## [Assignment]
Output every line below exactly, please, omitting pictures.
-------- Data extract --------
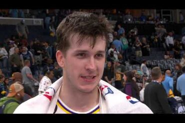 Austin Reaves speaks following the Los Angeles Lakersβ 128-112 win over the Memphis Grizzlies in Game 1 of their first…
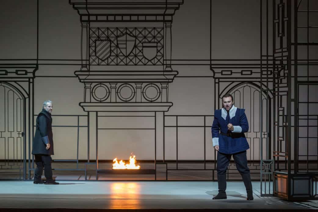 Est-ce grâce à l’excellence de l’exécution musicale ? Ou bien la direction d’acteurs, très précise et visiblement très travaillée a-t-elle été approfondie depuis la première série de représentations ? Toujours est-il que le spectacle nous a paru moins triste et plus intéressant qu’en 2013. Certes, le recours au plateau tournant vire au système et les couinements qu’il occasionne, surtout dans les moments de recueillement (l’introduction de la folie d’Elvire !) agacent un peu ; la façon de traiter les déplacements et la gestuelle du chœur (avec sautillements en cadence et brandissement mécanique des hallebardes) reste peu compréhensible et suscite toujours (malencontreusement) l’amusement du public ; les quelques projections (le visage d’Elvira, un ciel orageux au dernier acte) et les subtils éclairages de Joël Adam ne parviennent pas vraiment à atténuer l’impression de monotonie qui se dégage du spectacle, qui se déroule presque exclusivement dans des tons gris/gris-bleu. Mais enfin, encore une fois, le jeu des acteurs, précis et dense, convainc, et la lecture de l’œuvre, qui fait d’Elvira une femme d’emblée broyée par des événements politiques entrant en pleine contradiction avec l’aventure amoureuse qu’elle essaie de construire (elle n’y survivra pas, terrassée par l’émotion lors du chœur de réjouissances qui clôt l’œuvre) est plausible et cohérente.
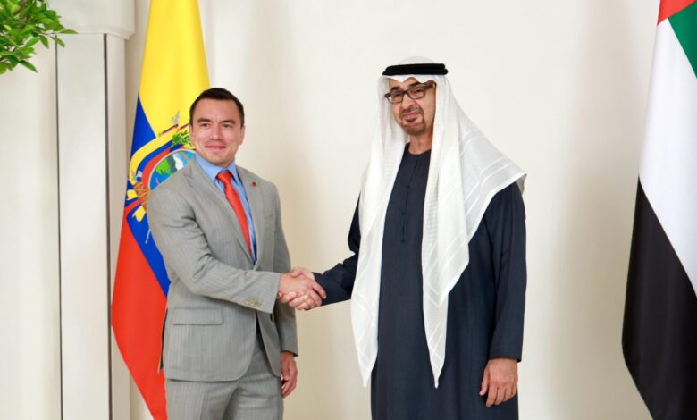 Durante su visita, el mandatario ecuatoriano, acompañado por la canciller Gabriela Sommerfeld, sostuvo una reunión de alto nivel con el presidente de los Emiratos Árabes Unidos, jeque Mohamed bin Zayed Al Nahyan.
--------
## [Solution to the exercise]
 Austin Reaves speaks following the Los Angeles Lakersβ 128-112 win over the Memphis Grizzlies in Game 1 of their first…
 Est-ce grâce à l’excellence de l’exécution musicale ? Ou bien la direction d’acteurs, très précise et visiblement très travaillée a-t-elle été approfondie depuis la première série de représentations ? Toujours est-il que le spectacle nous a paru moins triste et plus intéressant qu’en 2013. Certes, le recours au plateau tournant vire au système et les couinements qu’il occasionne, surtout dans les moments de recueillement (l’introduction de la folie d’Elvire !) agacent un peu ; la façon de traiter les déplacements et la gestuelle du chœur (avec sautillements en cadence et brandissement mécanique des hallebardes) reste peu compréhensible et suscite toujours (malencontreusement) l’amusement du public ; les quelques projections (le visage d’Elvira, un ciel orageux au dernier acte) et les subtils éclairages de Joël Adam ne parviennent pas vraiment à atténuer l’impression de monotonie qui se dégage du spectacle, qui se déroule presque exclusivement dans des tons gris/gris-bleu. Mais enfin, encore une fois, le jeu des acteurs, précis et dense, convainc, et la lecture de l’œuvre, qui fait d’Elvira une femme d’emblée broyée par des événements politiques entrant en pleine contradiction avec l’aventure amoureuse qu’elle essaie de construire (elle n’y survivra pas, terrassée par l’émotion lors du chœur de réjouissances qui clôt l’œuvre) est plausible et cohérente.
 Durante su visita, el mandatario ecuatoriano, acompañado por la canciller Gabriela Sommerfeld, sostuvo una reunión de alto nivel con el presidente de los Emiratos Árabes Unidos, jeque Mohamed bin Zayed Al Nahyan.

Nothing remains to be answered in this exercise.